Confesso que eu me divido um pouco nesse assunto. Por um lado, eu não quero ler um jornal que seja monotemático nas opiniões do seu corpo de colunistas. Sou a favor de tentar entender o argumento e a lógica de quem pensa diferente, de quem é contrário ao que eu penso. Até porque, se a maioria da população é racista, machista, homofóbica e essas condições são estruturais, acho que é preciso demonstrar a essa maioria que todos devem estar abertos ao diálogo. Como eu posso querer que a pessoa que é contra cotas ouça meu argumento a favor se me recuso sequer a publicar o raciocínio oposto dela?
Quando fechamos as portas para o contraditório, o grupo que ficou do lado de fora pensa: não preciso de vocês também, vou só ouvir esse canal que me dá espaço e que diz só o que eu concordo.
A Jovem Pan (Jovem Klan, Jovem Panzer) é um exemplo categórico. Ela começou a “abrir espaço para todos” e deu voz a quem não tinha palanque em lugar nenhum. Essas pessoas foram se aglomerando lá e até que a rádio ficasse monotemática no seu conjunto de opiniões extrema-direita/pró-governo. É claro, tem mais fatores envolvidos, tem muito dinheiro rolando, mas o fato é que aquelas pessoas que não tinham espaço formaram seus próprios espaços e se tornaram um veículo para institucionalizar o absurdo.
No exemplo da Pan, o programa Pânico é muito significativo. Dava palco tanto para o MBL quanto para a ala jovem do PSOL, mas a esquerda não quis mais dialogar e o programa foi se afunilando em uma direção até chegar a um fundo de poço em que se trata como algo razoável as teorias de terraplanistas.
E é aí que chegamos em uma encruzilhada. Existem questões que não estão abertas a debate, fatos que são incontestáveis, fundamentos científicos que não são passíveis de interpretação.
O grande dilema da era da informação é como mediar o debate de forma que se permita o pensamento contraditório, que haja espaço para o raciocínio divergente, mas sem cair no abismo da desinformação.

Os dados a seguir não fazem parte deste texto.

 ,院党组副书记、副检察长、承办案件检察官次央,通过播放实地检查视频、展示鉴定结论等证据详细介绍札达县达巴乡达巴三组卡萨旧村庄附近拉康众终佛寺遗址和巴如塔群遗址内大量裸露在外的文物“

A proposta da Folha de que as opiniões divergentes se equilibrariam é interessante, mas tem uma falha fundamental. Mesmo se tratando de uma opinião, um veículo de mídia que se diz sério tem a obrigação de, no próprio texto, vetar informações erradas ou apontar que esse ou aquele ponto está pacificado como falso.

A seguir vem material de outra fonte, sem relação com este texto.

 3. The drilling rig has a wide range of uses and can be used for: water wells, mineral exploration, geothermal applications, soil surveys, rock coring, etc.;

Se um colunista defende que a terra é plana, não basta esperar que outros se animem a rebatê-lo. É óbvio que em termos comerciais é muito interessante, o jornal conseguiu “audiência” pelo texto polêmico inicial e audiência pelo debate que só impulsionou mais o texto polêmico com erros crassos.

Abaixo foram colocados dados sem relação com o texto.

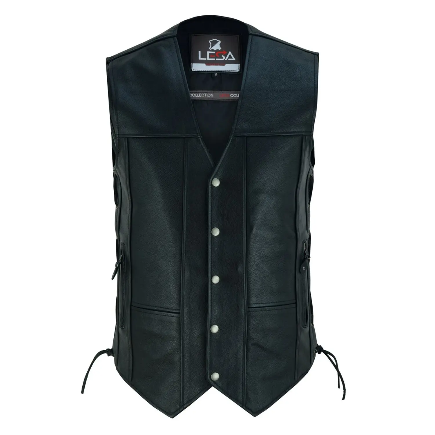 This Men’s Black Leather Waistcoat from Lesa Collection is made from premium cowhide leather for long-lasting use. Its biker-style design with a snap-front closure gives a classic, rugged look. Perfect for motorcycle rides, casual wear, or a strong fashion statement, it combines comfort, durability, and style.

A mídia tradicional está em frangalhos, não sei qual é o futuro do jornalismo e insisto que não podemos nos fechar em nossas bolhas, mas se os poucos meios oficiais de comunicação optarem por abrir espaço para a legitimação de mentiras, chegaremos em um ponto sem volta em que nada mais é certo e em que a terra plana passa a ser algo a se pensar.